= College of Dentistry University of Baghdad =

College of the University of Baghdad

College of Dentistry University of Baghdad is one of the colleges on the Bab Al-Muadham campus of the University of Baghdad. The college was founded in 1953 and it aimed to teach dentists with theoretical and clinical experience. The college opened in autumn 1953 as part of the college of medicine with a curriculum of five years study similar to that of similar schools in the field.

After the birth of the University of Baghdad in 1956, the college of dentistry became one of its colleges.

The college was composed of 2 buildings with one building having 4 dental units and a laboratory and the second designated for administrative purposes. The teaching staff composed from the medical college staff and Dr. Ali Nasser.

Progress was steady but slow and in 1954 the Orthodontic department was opened. The teaching staff composed of many foreign dentists as Dr. Mahmood Shah (Pakistan), Dr. Barett (UK), Dr. Kemp (Netherlands), Dr. Stevens and Dr. Smenges.

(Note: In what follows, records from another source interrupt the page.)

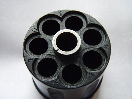 Барабан не восстанавливался. Макетные патроны сидят плотно. Состояние камор не идеальное , но для флобера подходит. Можно также использовать картридж под жевело.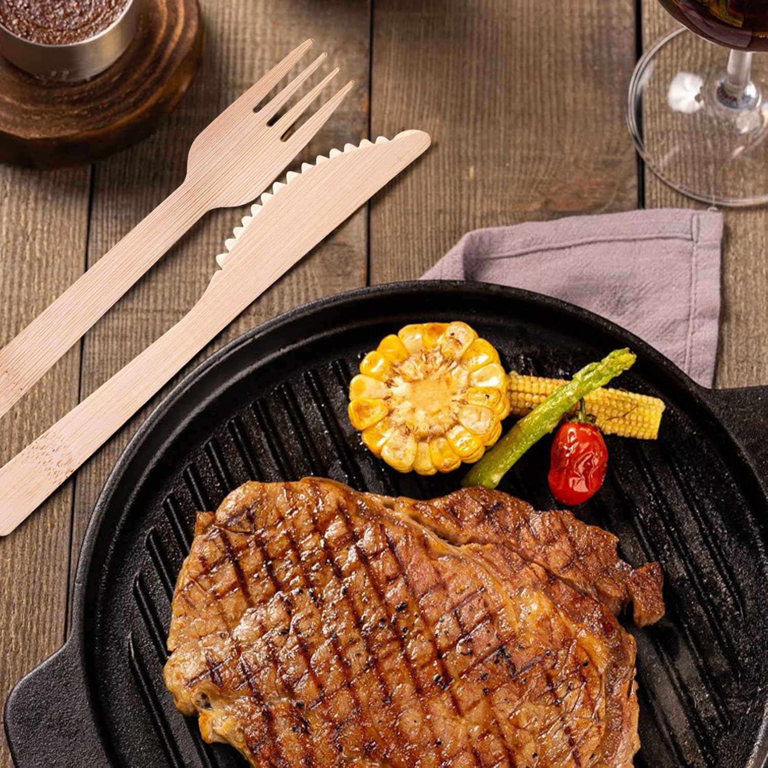 • ✔[ Sturdy & Durable] All our bamboo forks, spoons and knives are polished to perfect smoothness, splinter free, containing no harmful chemicals, no flavour, heavy duty, liquid and heat resistant, more durable and sustainable than wooden. Because of these features, you can enjoy your meal without worry the break like flimsy disposable wooden cutlery. No wood taste or no softening.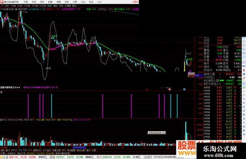 DRAWTEXT_FIX(1,0.12,1,0,'敢死队买点★稳赚与卖出信号一目了然'),COLORFF33FF;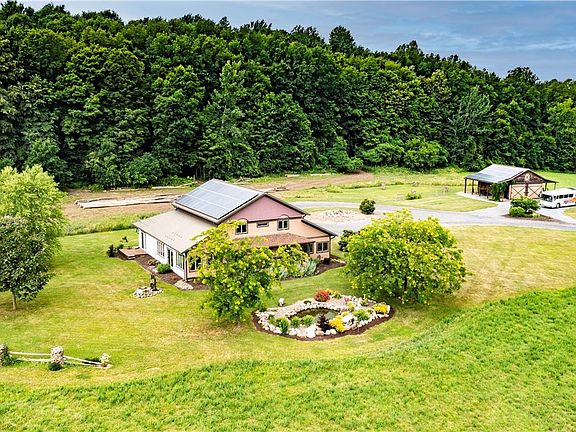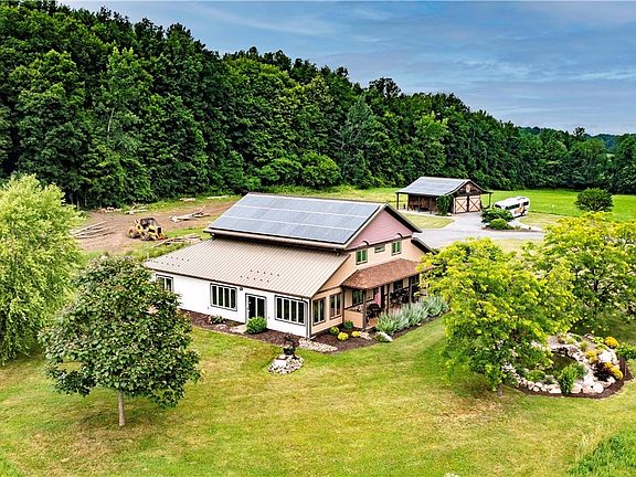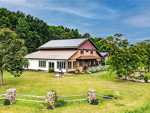 PRICE REDUCED $301,000. UNIQUE AND SECLUDED 101 ACRE ESTATE W/ABOUT 5600 SQ-FT OF LIVING SPACE BETWEEN MAIN HOME AND CARRIAGE HOUSE. ECLECTIC FARMHOUSE DESIGN. DETACHED 36X24 BARN W/10X10 BARN DOORS. MAIN HOME W/CUSTOM FINISHES, NATURAL WOODWORK, POST & BEAM, CUSTOM CABINETS, WINDOWS, SOLID WOOD DOORS, EXPANSIVE KITCHEN, LIGHTING, EMTEK HARDWARE, AMBROSIA MAPLE & CORK FLOORS, AND TASTEFUL FIXTURES THROUGHOUT. CARRIAGE HOUSE IS A 2 STORY WITH 1-2 BEDROOM AREAS, EAT-IN, LIVING AREA/LOFT, HALF, FULL BATHS AND 1+ GARAGES. POSSIBLE IN-LAW, OR AIR -BNB. LOW OR NO ENERGY COSTS WITH SOLAR PANELS ON MAIN HOME AND BARN THAT SERVE THE PROPERTY. SIT ON THE 30X6 FRONT PORCH AND SEE THE BEAUTIFUL VIEW. 80+ ACRES OF WOODED LAND WITH MANY TYPES OF TREES. MANY WALKING PATHS, STREAM, AND DRUMLIN ON PROPERTY. HEATING AND COOLING WITH FUJITSU MINI SPLITS IN MAIN HOME/ CARRRIAGE HOUSE & RADIANT HEAT. CUSTOM KITCHEN OPENS TO LARGE GREAT ROOM WITH LIVING, DINING AREAS W/LARGE ADJACENT SUNROOM W/MANY WINDOWS, SLIDERS, AND NATURAL LIGHT. 1FL HAS MASTER, BR/OFFICE, AND 2FL HAS 2BR+ AREAS. OPEN FLOOR PLAN. ATTACHED GARAGE ON HOME, AND 3-4 SPACES IN MAIN BARN. POSSIBLE SELLER FINANCING.

In 1957, the college separated from the medical college and at the same year the first group graduated that consisted of 21 dentists. After they graduated they were sent routinely abroad for higher studies (especially UK and USA). In 1958, Dr. E J Barett became the dean of the college. Later, a number of Iraqi dentists who finished their studies abroad had joined the college. They included Dr. Ahmed Othman, Dr. Anwer Othman, Dr. Hussain Ismail, Dr. Aladin Al– Rubayi, and Dr. Yehya Al– Nashe. Some of them had higher specialty degrees like Dr. Fadhil Al-Qudsi & Dr. Aziz Rhaemo, in addition to foreign dentists like Dr. Christensen (oral surgery), Dr. Mkenson (conservative dentistry), Dr. Hil (orthodontics), and Mr. Karaitn (laboratories supervisor).

In 1963, Dr. Fadhil Al-Qudsi became the dean of the college and the Iraqi dentist gradually replaced the foreign staff members like Dr. Khalid B. Mirza who was the first Iraqi dentist to have the F.D.S from UK at the year 1965.

At the present day, the college composed of two main buildings (the old building and the teaching hospital). In this hospital, about 400 dental units offer treatment for almost 1000 patients treated every day.